Sadly, I won’t be continuing with this series.

In preparation for watching the finale tonight, I’ve been watching the Project Runway extras. Extended judging. Designer interviews. One thing really stood out to me as I listened to each one discuss where he or she came from: Where you start doesn’t have to be where you’ll end up, but what you do on the way can guide, shape, and have a profound effect on your ultimate destination.

Some of this season’s contestants have been designing from the get-go. They knew early on what they wanted to do, and they’ve followed their heart. Others had to “arrive”. One of them actually started out as a med student. He found the human body fascinating, but not enough to repair it. Going through med school, though, gave him a better understanding of the human body, which has, in turn, made him a good designer.

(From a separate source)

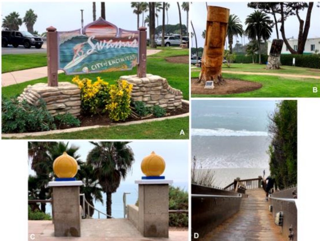
Photoset 2: Swami's Beach (A), just to the south of the Self-Realization Fellowship in Encinitas. Buildings for retreat-goers and resident hermits can be seen beyond the Easter Island Heads (B). A walk through the Lotus Flower stairway (C) leads to the beach below, a favorite surf spot (D) in San Diego.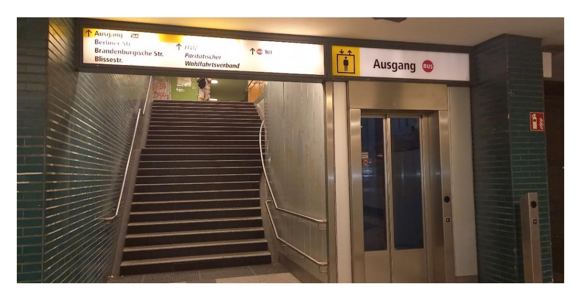
Staircase and elevator at U-Bahnhof Blissestraße

In the direction of travel (Rudow) of the subway, a staircase and an elevator lead up at the back. The elevator is located to the right of the stairs. Walk up the stairs and then turn right to the exit "Brandenburgische Straße/Berliner Straße/Deutscher Paritätischer Wohlfahrtsverband/Dietrich-Bonhoeffer-Bibliothek" to the next staircase.

I think that’s one benefit creatives have — they can take what they’ve seen and done, and apply it to make their work stronger and more personal. Every life experience becomes one more layer in their work. When you aren’t doing creative work, it’s easy to take a narrow-minded approach to your work. Instead of embracing what you’ve done and been, you get yourself locked into the role you’re currently in.

This is my current struggle. I went from creating workshops, educational programs, and mini-games to doing nothing but teaching someone else’s curriculum and doing admin work. When I started realizing I wasn’t happy with where I was, I started looking to jobs I probably never would have considered and naturally couldn’t figure out how to make myself fit into them. I even lost my love of volunteering because I kept trying to serve companies and causes I just wasn’t interested in.

A few months ago, I started actually looking at my own path, at where I’ve been, and I noticed something. My path has been filled with the kind of organizing, creative, and educational work that I enjoy. I’ve had it with me all along. Years of assisting with curating and managing collections, both at work and privately. Years of writing, crafting, designing. Years of not only teaching, but coaching, mentoring, and directing. It’s all right there, waiting to be added up to something I’m really going to shine at and enjoy.

And then I started running into this message everywhere.

I actually share it with my students now when they worry that what they decide to do in their electives at school or in their college work will tie them down forever. I tell them to study what interests them right now and let it become part of who they are, because they honestly never know how an interest from their youth will help shape and direct their future.